[Dataset extract]

##########

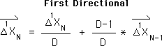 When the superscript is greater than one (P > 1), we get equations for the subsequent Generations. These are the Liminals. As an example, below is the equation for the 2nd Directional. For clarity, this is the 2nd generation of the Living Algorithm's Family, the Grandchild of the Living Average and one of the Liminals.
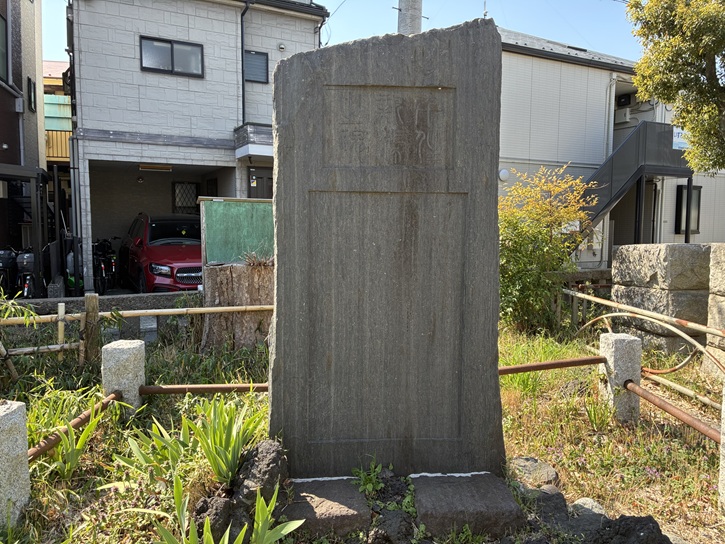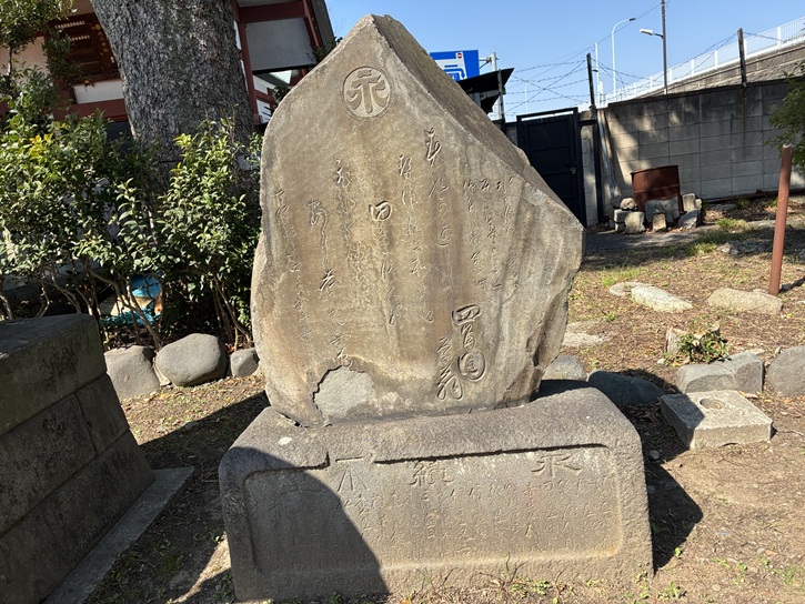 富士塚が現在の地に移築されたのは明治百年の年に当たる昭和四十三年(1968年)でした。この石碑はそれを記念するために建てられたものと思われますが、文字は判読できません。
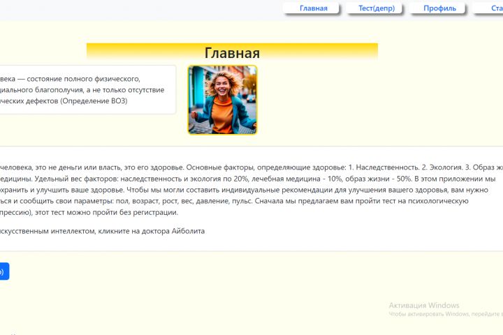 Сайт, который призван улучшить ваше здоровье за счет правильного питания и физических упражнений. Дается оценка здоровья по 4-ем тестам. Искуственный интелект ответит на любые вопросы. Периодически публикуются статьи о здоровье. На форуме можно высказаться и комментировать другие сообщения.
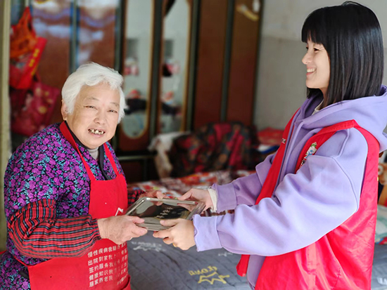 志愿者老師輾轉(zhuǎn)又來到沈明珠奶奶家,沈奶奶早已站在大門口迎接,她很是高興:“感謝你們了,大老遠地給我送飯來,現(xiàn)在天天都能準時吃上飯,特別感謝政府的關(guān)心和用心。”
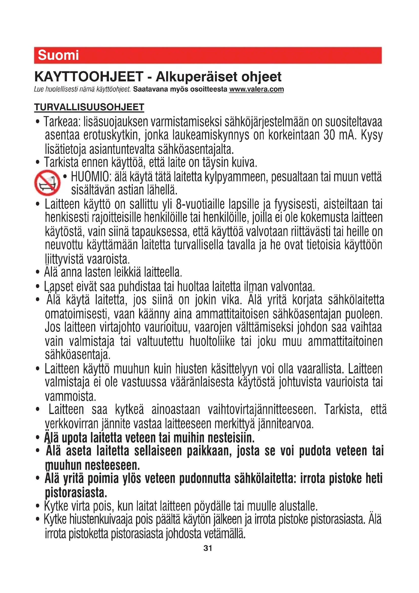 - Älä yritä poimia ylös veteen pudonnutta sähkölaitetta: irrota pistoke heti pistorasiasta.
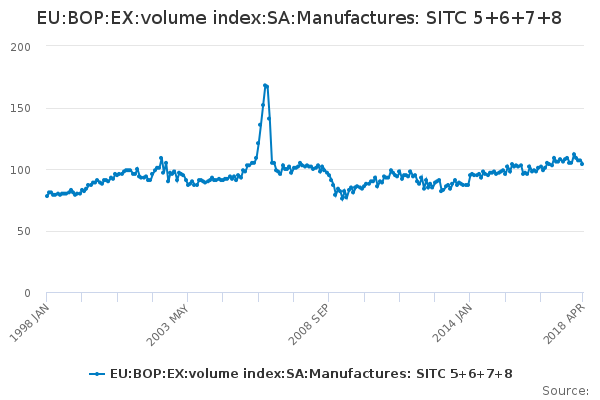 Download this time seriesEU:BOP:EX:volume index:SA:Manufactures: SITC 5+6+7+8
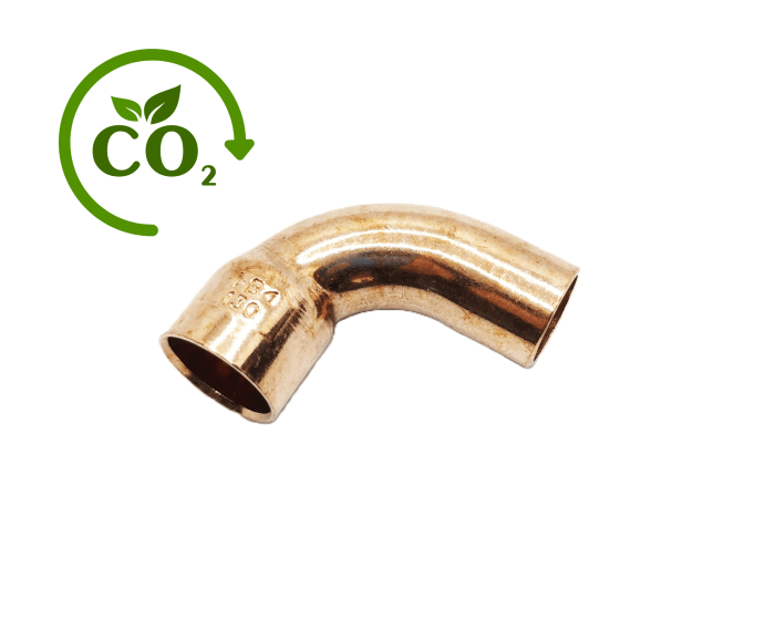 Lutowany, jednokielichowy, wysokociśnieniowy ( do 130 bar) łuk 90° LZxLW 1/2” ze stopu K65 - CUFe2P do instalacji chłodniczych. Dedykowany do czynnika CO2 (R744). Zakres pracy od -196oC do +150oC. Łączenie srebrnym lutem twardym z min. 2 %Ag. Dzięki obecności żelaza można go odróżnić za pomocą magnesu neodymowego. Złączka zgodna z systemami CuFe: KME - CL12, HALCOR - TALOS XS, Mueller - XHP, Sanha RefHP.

##########

[What is being asked] Skip the pictures and copy exactly the lines from the one containing "Download this time" through the end of the material, both ends included.

[Answer to this task]
 Download this time seriesEU:BOP:EX:volume index:SA:Manufactures: SITC 5+6+7+8
 Lutowany, jednokielichowy, wysokociśnieniowy ( do 130 bar) łuk 90° LZxLW 1/2” ze stopu K65 - CUFe2P do instalacji chłodniczych. Dedykowany do czynnika CO2 (R744). Zakres pracy od -196oC do +150oC. Łączenie srebrnym lutem twardym z min. 2 %Ag. Dzięki obecności żelaza można go odróżnić za pomocą magnesu neodymowego. Złączka zgodna z systemami CuFe: KME - CL12, HALCOR - TALOS XS, Mueller - XHP, Sanha RefHP.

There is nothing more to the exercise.